Nutch How to modify Regex-urlfilter.txt crawl eligible links

Last Update:2017-11-27 Source: Internet

Author: User

Developer on Alibaba Coud: Build your first app with APIs, SDKs, and tutorials on the Alibaba Cloud. Read more ＞

For example, when I crawled the students online, I found that crawling was not a specific notice, such as the "Cofco Blessing" Fund application notice, through the analysis found that the original notification link was filtered out, The following is the filter URL configuration file regex-urlfilter.txt analysis, and later if you need to modify the configuration file can be modified according to their own circumstances:

Description: A behavior comment that begins with "#" in a configuration file, which is filtered by the expression that begins with "-", and the regular expression that begins with "+" is preserved. The "^" in the regular expression represents the beginning of the string, "$" means the end of the string, and "[]" represents the collection. The Chinese part is the comment I added

[Java]View PlainCopyPrint?

# Licensed to the Apache software Foundation (ASF) under one or more
# Contributor license agreements. See the NOTICE file distributed with
# This work for additional information regarding copyright ownership.
# The ASF licenses This file to you under the Apache License, Version 2.0
# ( the "License"); You are not a use of this file except in compliance with
# The License.
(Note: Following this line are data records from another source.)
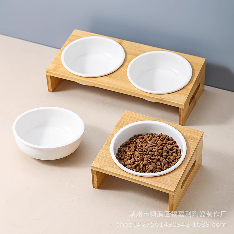 猫碗陶磁器木造双碗猫糧盆防打斜口保護頚椎飲水碗ペット用品
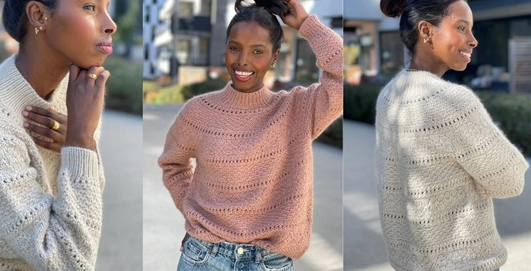 Прекрасный свитер оверсайз с круглой кокеткой выполняется спицами теневыми узорами, сложив нить мериноса Bystrikk Merino и 1 нить мохера Tynn Kidsilk Erle.
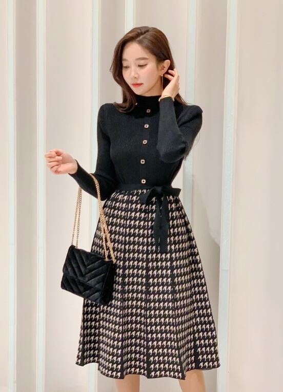 この2点セットは、タートルネックの長袖トップスとロングスカートの組み合わせが、
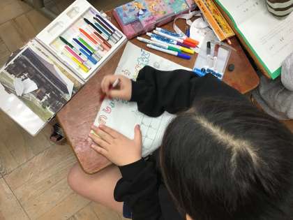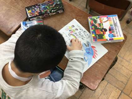 ぽかぽか交流に向けて校内ウォークラリーの際に使うカードを作成しています。年長さんが喜ぶようにどんな絵を描いたらいいのか考えながらカラフルに色を塗って取り組んでいました。
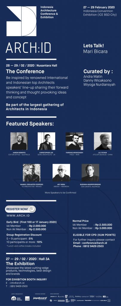 Mengangkat tema Let’s Talk! “Mari Bicara”, ARCH:ID (Indonesia Architecture Conference & Exhibition) akan diselenggarakan pertama kalinya pada 27-29 Februari 2020 di Indonesia Convention Exhibition (ICE), BSD City, Tangerang. Kegiatan ini merupakan hasil kemitraan strategis antara Ikatan Arsitek Indonesia (IAI) dan PT Citra Inovasi Strategi (CIS). Kegiatan yang akan terbangun di ARCH:ID akan meliputi Konferensi & Pameran yang akan menjadi wadah dialog berkelanjutan antara Arsitek dan para pelaku industri konstruksi di Indonesia.

Obtain a copy of the License at
#
# http://www.apache.org/licenses/license-2.0
#
# unless required by applicable or agreed to writing, software
# Distributed under the License is distributed on a " as is" BASIS,
# without warranties or CONDITIONS of any KIND, either express or implied.
# See the License for the specific language governing permissions and
# Limitations under the License.
# The default URL filter.
# Better for whole-internet crawling.
# each non-comment, Non-blank line contains a regular expression
# prefixed by ' + ' or '-'. The first matching pattern in the file
# Determines whether a URL is included or ignored. If No pattern
# matches, the URL is ignored.
# Skip File:ftp:and Mailto:urls
#过滤掉file: FTP, etc. is not a link to the HTML protocol
-^ (File|ftp|mailto):
# Skip image and other suffixes we can ' t yet parse
#过滤掉图片等格式的链接
-\. (gif| Gif|jpg| Jpg|png| png|ico| ico|css|sit|eps|wmf|zip|ppt|mpg|xls|gz|rpm|tgz|mov| Mov|exe|jpeg| jpeg|bmp| BMP) $
# skip URLs containing certain characters as probable queries, etc.
#-[?*[email protected]=] filter out the links of the sweat special characters, because to crawl more links, so modify the filter conditions so that the inclusion? = The link is not filtered out
-[*[email protected]]
# Skip URLs with slash-delimited segment this repeats 3+ times, to break loops
#过滤掉一些特殊格式的链接
-.* (/[^/]+)/[^/]+\1/[^/]+\1/
# Accept anything else
#接受所有的链接, here you can make your own changes, yes only accept the type of their own link

# Licensed to the Apache software Foundation (ASF) under one or more# contributor license agreements. See the NOTICE file distributed with# This work for additional information regarding copyright ownership.# the ASF license s This file to you under the Apache License, Version 2.0# (the "License");  Except in compliance with# the License. Obtain a copy of the License at## http://www.apache.org/licenses/LICENSE-2.0## unless required by applicable l AW or agreed to writing, software# distributed under the License are distributed on a "as is" basis,# without warrantie S or CONDITIONS of any KIND, either express OR implied.# see the License for the specific language governing permissions a nd# limitations under the license.# the default URL filter.# Better for whole-internet crawling.# each non-comment, NON-BL  Ank line contains a regular expression# prefixed by ' + ' or '-'. The first matching pattern in the file# determines whether a URL is included orIgnored.  If no pattern# matches, the URL is ignored.# Skip File:ftp:and mailto:urls# filter out file:ftp and so on is not a link to the HTML protocol-^ (FILE|FTP|MAILTO): # Skip image and other suffixes we can ' t yet parse# filter out the link-\ in the image format. (gif| Gif|jpg| Jpg|png| png|ico| ico|css|sit|eps|wmf|zip|ppt|mpg|xls|gz|rpm|tgz|mov| Mov|exe|jpeg| jpeg|bmp| BMP) $# Skip URLs containing certain characters as probable queries, etc.#-[?*[email protected]=] filter out the links to the special characters of Khan, Because you want to crawl more links, modify the filters so that they are included. = The link is not filtered out-[*[email protected]]# skip URLs with slash-delimited segment that repeats the Times, to break loops# filter out some special lattices Type of link-.* (/[^/]+)/[^/]+\1/[^/]+\1/# accept anything else# accepts all links, here you can make your own modifications, yes only accept the link of your own prescribed type

reason explanation: Because the post link for crawling is (http://www.online.sdu.edu.cn/news/article.php?pid=636514943), the link contains? and = characters, so the regular expressions that are filtered by special characters are filtered out, and by modifying the Regex-urlfilter.txt configuration file (above), the link to such announcements can eventually be crawled.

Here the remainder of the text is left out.